🍦 Unilever is fighting battles on two fronts after its Ben & Jerry’s subsidiary said it would stop selling ice cream in occupied Palestinian territories from next year. Israel’s ultra-nationalist PM, Naftali Bennett, has threatened to take legal action, calling the move an “anti-Israel step”. The foreign minister described it as a “shameful surrender to anti-semitism”.
The multinational is also under fire from within over its clumsy handling of the affair. “The spat highlights the pitfalls of brands attempting to satisfy polarised political opinions,” says the FT. The consumer goods industry has hitherto regarded Ben & Jerry’s as a “trailblazing example” of a brand known for strong ethical stances that has retained its social mission despite being taken over. It strongly supported the Black Lives Matter movement “and acted before Unilever last year in joining a boycott of advertising on Facebook in a protest against racist and hateful content”.
Ben & Jerry’s is certainly continuing to cause trouble. The New York Times says this “unabashedly political company” appears to be offering its support to the Boycott, Divestment and Sanctions movement, which seeks to put economic and political pressure on Israel on behalf of the Palestinians.
Chilling figures at Netflix
🎬 Is Netflix stalling? Only 1.5m new people signed up for its services in the second quarter of 2021. That’s 85% fewer than a year ago. And subscriber numbers in the US and Canada have fallen by 430,000 in the same period.
It’s not surprising, says The Economist. As rich markets mature and rivals snap at Netflix’s heels, “growth must come from elsewhere”. The company’s “third season” – the first was rented DVDs by mail, the second its invention and domination of video streaming – “promises exotic new locations and perhaps a big plot twist”. International markets could account for two-thirds of revenues by 2025.
There are financial and cultural barriers too. Most foreigners are poorer, and analysts point out that programmes made by, say, British broadcasters are richer in local idiom than those commissioned by foreign streamers. Sex Education, a Netflix series set in rural England, had fewer than five British references an hour, while home-grown hit Peep Show had more than 35, from “johnnies” (condoms) to Findus crispy pancakes.
On the plus side, Netflix rarely competes with more than two serious rivals in international markets, compared with a dozen or more in North America. And the company, moreover, is thinking “outside the goggle box” – it has “nabbed” a new gaming boss, Mike Verdu, from Facebook, and plans to offer subscribers videogames on its mobile app within a year.
Some suspect a big acquisition could be on the cards, but The Wall Street Journal is sceptical.
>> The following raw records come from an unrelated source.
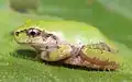 Although it is studied less frequently than female choice, sexual selection influenced by male-male intrasexual competition does exist in certain species of Hyla. Males of H. versicolor produce conspicuous advertisement calls in large groups at territories known to females.[12] This behavior, known as lekking, is common in many species of Hyla. In order to broadcast a clear acoustic communication to a female, males require distinct calling spaces within their respective leks.[12] When males infringe upon the calling space of one another, aggressive interactions may occur. Males of H. versicolor may choose to lower costs of aggressive encounters by first assessing one another's resource holding potential.[13] In simple terms, the resource holding potential (RHP) of an individual is its ability to win a fight. RHP can be based on a number of factors, including mass, size, weaponry, etc. In H. versicolor, the question of what determines an individual's RHP still stands. Aggressive interactions of this species are hard to observe within natural environments, because they occur briefly and infrequently.[12] Research has suggested that RHP in this species is not based on body size, however these findings were not based on in situ observations, but instead on the findings of a manipulated experiment.[13]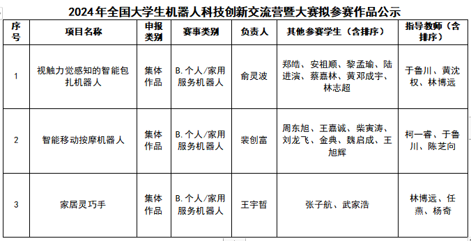 根据《2024年全国大学生机器人科技创新交流营暨大赛浙江省推报工作提示单》相关要求,现将51暗网 拟推荐参加2024年全国大学生机器人科技创新交流营暨大赛作品的相关信息予以公示。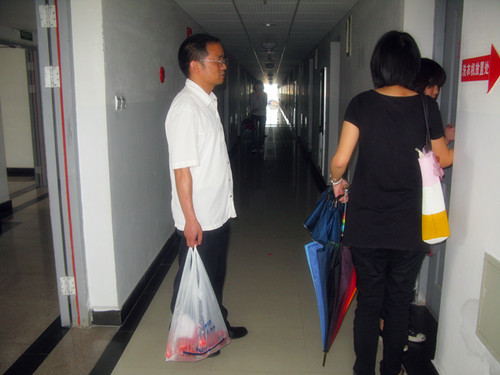 的辅导员老师和各班的班主任在党总支副书记骆锤炼老师的带领下,下寝室为各个寝室的同学分发端午节的粽子和咸鸭蛋。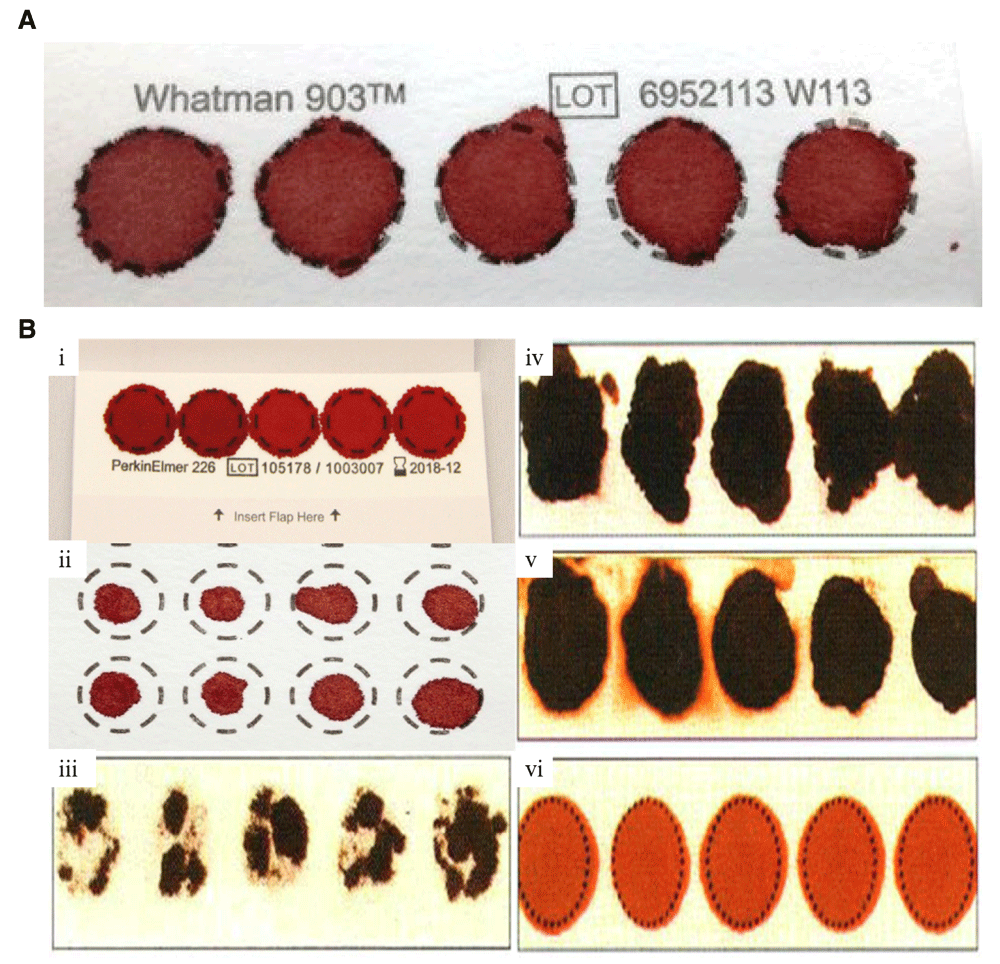 (A) Valid specimen. DBS with complete filled circle with proper air dry with no hemolyzed blood or serum ring. (B) Invalid DBS Specimen. (i) DBS with overlapping of spotted blood. (ii) DBS with insufficient filled blood. (iii) DBS with incomplete absorption which reduces blood volume. (iv) DBS that is potentially rubbed and develop scratches. (v) DBS with hemolyzed or contaminated blood. (vi) DBS with improper air drying before packaging in ziplock bags.

It cites the company’s letter to shareholders insisting that it has not yet found any large-scale assets “sufficiently compelling to act upon.”
A tale of two tycoons
🤑 Jamie Dimon, billionaire chief executive officer of JP Morgan Chase, has been awarded 1.5 million stock appreciation rights – worth almost $50m – to persuade him to stay in the job, according to Bloomberg. The bank’s share price has nearly quadrupled in the past decade and is up 18% this year.
💰 Meanwhile, after returning from the edge of space, Jeff Bezos is giving $100m to chef José Andrés, a Nobel peace prize nominee. His not-for-profit World Central Kitchen feeds and supports people in disaster-stricken areas around the world.